• [Problem to work on] The lines below, from the one holding "- користи напредни" through the one holding "горящих людей, выбрасывающихся", are to be restated word for word, with all images left out.

::: Source material

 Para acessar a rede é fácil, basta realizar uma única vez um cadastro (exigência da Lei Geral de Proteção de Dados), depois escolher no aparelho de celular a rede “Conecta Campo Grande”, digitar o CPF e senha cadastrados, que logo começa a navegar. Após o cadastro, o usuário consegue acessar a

::::::
::: Source material

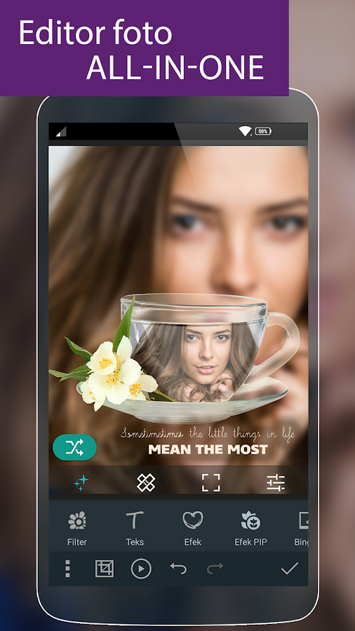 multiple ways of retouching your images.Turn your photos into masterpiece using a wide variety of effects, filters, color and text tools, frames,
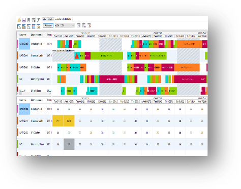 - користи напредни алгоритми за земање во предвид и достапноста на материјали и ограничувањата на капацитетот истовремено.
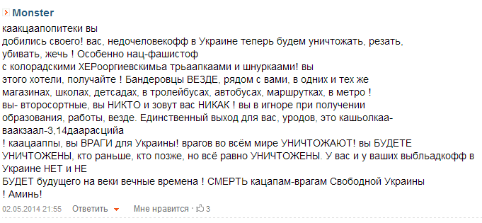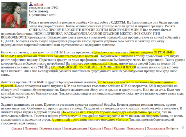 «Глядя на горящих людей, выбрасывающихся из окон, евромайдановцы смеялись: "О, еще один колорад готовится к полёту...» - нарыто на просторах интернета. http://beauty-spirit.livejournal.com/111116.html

::::::

• [Solution below]
 - користи напредни алгоритми за земање во предвид и достапноста на материјали и ограничувањата на капацитетот истовремено.
 «Глядя на горящих людей, выбрасывающихся из окон, евромайдановцы смеялись: "О, еще один колорад готовится к полёту...» - нарыто на просторах интернета. http://beauty-spirit.livejournal.com/111116.html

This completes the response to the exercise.